The 3C Protease enzyme is a 306-amino acid protein with a molecular weight of approximately 33 kDa. It is composed of three domains: a catalytic domain, a dimerization domain, and a C-terminal domain. The catalytic domain contains the active site of the enzyme, while the dimerization domain is essential for the formation of the functional homodimer. The C-terminal domain is involved in substrate recognition and binding.

The crystal structure of 3C Protease has been extensively studied, providing valuable insights into its function and potential as a drug target. The active site of the enzyme contains a cysteine-histidine-aspartate catalytic triad, which is essential for its proteolytic activity. This triad is highly conserved among coronaviruses, making 3C Protease a promising target for broad-spectrum antiviral drugs.

Activity of 3C Protease

3C Protease is responsible for the cleavage of the polyprotein of coronaviruses into functional proteins, including the replicase polyprotein, structural proteins, and non-structural proteins. This process is crucial for the replication of the virus and its ability to cause disease. Inhibition of 3C Protease activity can prevent viral replication and potentially stop the spread of infection.

3C Protease has a preference for cleaving peptide bonds after glutamine residues, leading to the production of specific cleavage products. This unique specificity allows for the identification of 3C Protease activity in cell lysates and the development of assays for drug screening.

Applications of 3C Protease

Recombinant Protein Production

3C Protease is widely used in the production of recombinant proteins. It is commonly used as a fusion tag for the purification of target proteins, as it can be easily removed by treatment with reducing agents. The high specificity of 3C Protease for glutamine residues also allows for the generation of recombinant proteins with defined N- or C-termini, which is essential for functional studies.

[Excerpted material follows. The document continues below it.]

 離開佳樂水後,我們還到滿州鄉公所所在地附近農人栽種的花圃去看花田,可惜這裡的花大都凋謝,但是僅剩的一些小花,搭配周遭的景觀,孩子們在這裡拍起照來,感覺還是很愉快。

Furthermore, the use of 3C Protease as a fusion tag allows for the production of large quantities of recombinant proteins in a relatively short period. This has significant implications for the development of therapeutics and vaccines, where large amounts of proteins are required for pre-clinical and clinical studies.

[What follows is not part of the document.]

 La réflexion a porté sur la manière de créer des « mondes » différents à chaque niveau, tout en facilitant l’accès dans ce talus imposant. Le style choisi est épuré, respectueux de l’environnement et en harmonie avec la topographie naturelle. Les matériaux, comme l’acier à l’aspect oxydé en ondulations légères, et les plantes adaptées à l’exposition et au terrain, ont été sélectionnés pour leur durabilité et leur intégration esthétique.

Antigen for Diagnostic Tests

3C Protease has also been used as an antigen in diagnostic tests for coronaviruses. The high specificity and conservation of 3C Protease among coronaviruses make it an ideal target for the development of serological assays. Antibodies against 3C Protease can be used to detect the presence of coronaviruses in patient samples, providing a rapid and sensitive diagnostic tool.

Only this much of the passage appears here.